Zhe Sun of the Department of Biostatistics defends her dissertation on “Novel Statistical Methods in Analyzing Single Cell RNA Sequencing Data”.
Committee Chairpersons: Ying Ding, PhD, Department of Biostatistics and Wei Chen, PhD, Department of Pediatrics
Kong Chen, PhD, Department of Medicine
Ming Hu, PhD, Department of Quantitative Health Sciences, Cleveland Clinic
Yongseok Park, PhD, Department of Biostatistics
Graduate faculty of the University and all other interested parties are invited to attend
Understanding of biological systems requires the knowledge of their individual components. Single cell RNA sequencing (scRNA-Seq) becomes a revolutionary tool to investigate cell-to-cell transcriptomic heterogeneity, which cannot be obtained in population-averaged measurements such as the bulk RNA-Seq. The newly developed droplet-based system enables parallel processing with digital counting of thousands of single cells in a single experiment, leading to the discovery of novel cell types which facilitates newly biological discoveries. This dissertation focuses on developing novel statistical methods for analyzing droplet-based scRNA-Seq data, which includes clustering methods to identify cell types from single or multiple individuals, and a joint clustering approach to simultaneously analyze paired data from scRNA-Seq and Cellular Indexing of Transcriptomes and Epitopes by sequencing (CITE-Seq), a state-of-art technology that allows the detection of cell surface proteins and transcriptome profiling within the same cell simultaneously.

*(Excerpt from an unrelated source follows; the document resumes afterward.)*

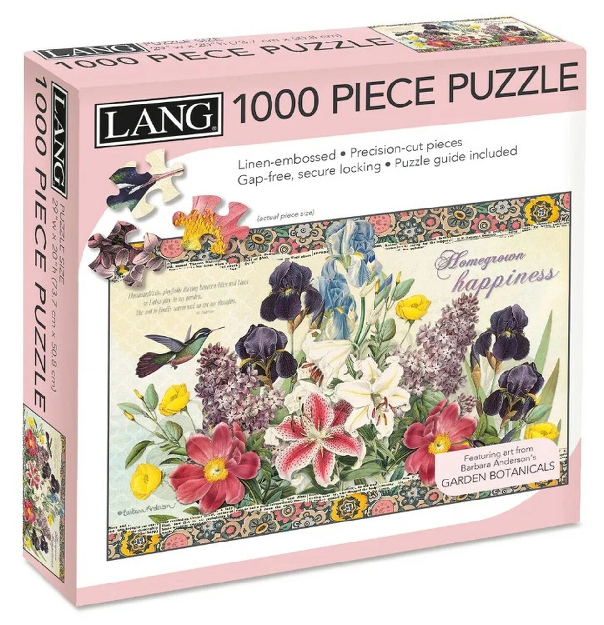 LANG jigsaw puzzles are a fun and challenging activity to do with friends and family! Tackle the Garden Botanicals 1,000-Piece Puzzle, featuring artwork by Barbara Anderson. Each puzzle piece is finished with linen-embossed paper so the completed piece looks like one large canvas! If you get stumped, an art guide print is included to help you out.

In the first part of this dissertation, I developed DIMM-SC, a Dirichlet mixture model which explicitly models the raw UMI count for clustering droplet-based scRNA-Seq data and produces cluster membership with uncertainties. Both simulation studies and real data applications demonstrated that overall, DIMM-SC achieves substantially improved clustering accuracy and much lower clustering variability compared to other existing clustering methods. In the second part, I developed BAMM-SC, a novel Bayesian hierarchical Dirichlet mixture model to cluster droplet-based scRNA-Seq data from population studies. BAMM-SC takes raw count data as input and accounts for data heterogeneity and batch effect among multiple individuals in a unified Bayesian hierarchical model framework. Extensive simulation studies and applications to multiple in house experimental scRNA-seq datasets using blood, lung and skin cells from humans or mice demonstrated that BAMM-SC outperformed existing clustering methods with considerable improved clustering accuracy, particularly in the presence of heterogeneity among individuals. In the third part, I developed RE-DIMM-SC, a novel random effects model that jointly cluster the paired data from scRNA-seq and CITE-Seq simultaneously. Simulations and analysis of in-house real data sets were performed, which successfully demonstrated the validity and advantages of our method in helping people understand the heterogeneity and dynamics of various cell populations in complex multicellular tissue or organs.
PUBLIC HEALTH SIGNIFICANCE: Recent droplet-based single cell sequencing technology and its extensions have brought revolutionary insights to the understanding of cell heterogeneity and molecular processes at single cell resolution. I believe the proposed statistical approaches in this thesis for single cell data will improve the identification and characterization of cell subtypes from heterogeneous tissues, which is essential to fully understand cell identity and cell function.